What is the purpose of a neuropsychological evaluation? Who needs one?

Neuropsychological testing is carried out for a number of different reasons. An evaluation is often completed to examine the effects of a brain injury or neurological conditions such as a stroke, seizure disorder, dementia, or Parkinson's disease. A comprehensive neuropsychological evaluation can assist in diagnosis, aid in treatment recommendations for use in a medical or rehabilitation environment, and assist with decision making regarding an individual's ability to return to work, fitness to drive, disability, testing accommodations, and forensics. 
 
  
What is involved in a neuropsychological evaluation?

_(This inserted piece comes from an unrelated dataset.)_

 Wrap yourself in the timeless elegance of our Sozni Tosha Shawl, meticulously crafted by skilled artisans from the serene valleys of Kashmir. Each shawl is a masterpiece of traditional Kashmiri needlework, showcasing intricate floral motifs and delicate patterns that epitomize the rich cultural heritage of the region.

A neuropsychological evaluation consists of a comprehensive clinical interview to gather relevant background history followed by testing. Tests are non-invasive and may be given on a computer, orally, or through the use of paper and pencil. The length of time to complete testing varies based on referral question and person's age, but typically last three to six hours. Make sure you sleep well the night before testing. If you use hearing aids or wear glasses, make sure to bring them to your appointment. After the evaluation, I write a report that includes background information, results of the evaluation, and recommendations that will lead to the next steps of treatment planning. Feedback is provided whenever possible.

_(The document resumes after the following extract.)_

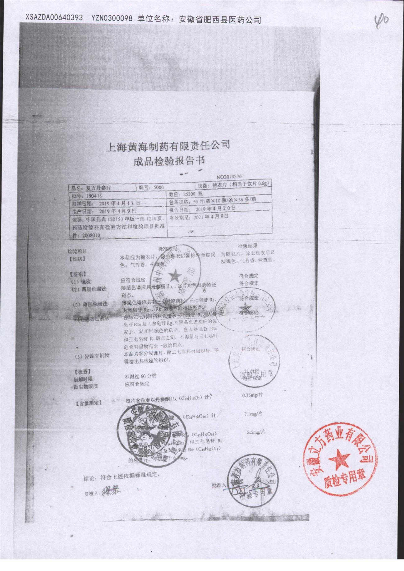 复方丹参片 | 50片 | 190418 | 查看详情 |

Does what we talk about in an evaluation remain confidential?
 
Confidentiality is one of the most important components between a patient and psychotherapist. A successful evaluation requires a high degree of trust with highly sensitive subject matter that is usually not discussed anywhere but the therapist's office.  Every therapist should provide a written copy of their confidential disclosure agreement. As most referrals for a neuropsychological evaluation come from physicians, it is important to share information obtained in the evaluation with your medical team. However, by law your therapist cannot release this information without obtaining your written permission. Confidentiality is typically waived in forensic cases, which is discussed at length prior to beginning the evaluation. 
 
However, state law and professional ethics require therapists to maintain confidentiality except for the following situations:
 
* Suspected past or present abuse or neglect of children, adults, and elders to the authorities, including Child Protection and law enforcement, based on information provided by the client or collateral sources.
 
* If the therapist has reason to suspect the client is seriously in danger of harming him/herself or has threated to harm another person.